Risiko einer Rezession steigt. Gold bietet keinen Krisenschutz.
Ausgabe Mittwoch, 1. April 2026
Seit Beginn des Nahostkriegs vor gut einem Monat sind die Ölpreise massiv gestiegen. Die faktische Blockade der Strasse von Hormus liess den Preis der Nordseesorte Brent um fast 60% und den der US-Sorte WTI um rund 55% steigen. Zum Wochenauftakt schloss WTI erstmals seit Juli 2020 wieder über 100 $ je Fass, Brent notierte bei 112.8 $.
Seit dem Kriegseintritt der Huthi-Rebellen droht nun auch das Rote Meer, über das etwa 15% des weltweiten Schiffsverkehrs laufen, beeinträchtigt zu werden. Kurzfristige Preisrückgänge verpufften somit schnell. Trumps widersprüchliche Signale und die Drohung möglicher Angriffe auf Irans Energieinfrastruktur erhöhen die Unsicherheit weiter. Das bis zum 6. April verlängerte Ultimatum für einen Friedensdeal zeigt bislang keine Wirkung. Der durchschnittliche US-Benzinpreis liegt über 4 $ pro Gallone, bleibt aber unter dem Rekord von 2022 bei etwa 5 $. Ein weiterer iranischer Drohnenangriff am Dienstag auf einen Öltanker vor Dubai verdeutlicht die anhaltende Eskalation. Der Brent-Preis stieg am Dienstagvormittag erneut um mehr als 3,5% auf 116.70 $ je Fass, der WTI-Preis auf rund 105 $. Je länger der Konflikt anhält, desto stärker drohen wirtschaftliche Folgen. Die Angst vor Angebotsausfällen treibt die Preise, doch über die Zeit könnte dies in einen Nachfrageeinbruch umschlagen. Hohe Rohstoffkosten belasten Produzenten und erhöhen das Risiko einer globalen Rezession – mit schlimmen Folgen für die Finanzmärkte.

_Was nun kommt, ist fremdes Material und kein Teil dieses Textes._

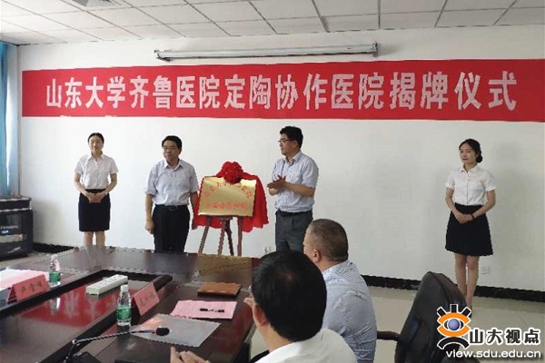[本站讯]6月18日,齐鲁医院对口支援协作医院揭牌仪式在菏泽市定陶区人民医院举行。齐鲁医院院长陈玉国、副院长田辉,菏泽市卫生健康委员会主任陈宝华,定陶区区委书记聂元科,定陶区区委常委、副区长马常斌,定陶区政协副主席、区人民医院院长耿战秋等出席仪式。

Derweil verzeichnet Gold im März den stärksten Rückgang seit siebzehn Jahren. Nachdem das Edelmetall in den Vormonaten massiv zugelegt hatte – Ende Januar notierte es bei 5595 $ je Feinunze, erfüllt es derzeit nicht die Erwartungen an einen klassischen Krisenschutz. Inflationssorgen und hohe Energiepreise haben Anleger vermehrt in den Dollar als sicheren Hafen getrieben. Im März verlor Gold rund 13% an Wert, während der Dollar den stärksten Monat seit Juni verzeichnete. Mittelfristig dürfte Gold seine Rolle in der Krise jedoch wiederfinden. Am Dienstagmittag notiert Gold zu 4610 $ je Feinunze.
Im Agrarsektor richtete sich der Fokus auf den zum Monatsende veröffentlichten Anbauflächen- und Quartalslagerbestandsbericht des US-Landwirtschaftsministeriums. Als einer der wichtigsten Berichte des Jahres gilt er als richtungsweisend für die kommenden Monate und kann erhebliche Marktbewegungen auslösen. Zudem wurde am Freitag die seit Wochen erwartete US-Biokraftstoffpolitik publiziert. Die rekordhohen Mandate der US-Umweltbehörde EPA von 5,4 Mrd. Gallonen wirkten zwar bullish, lagen jedoch im Rahmen der Erwartungen. Mit hohen Energie- und Düngemittelpreisen drohen künftige Ernten niedriger auszufallen.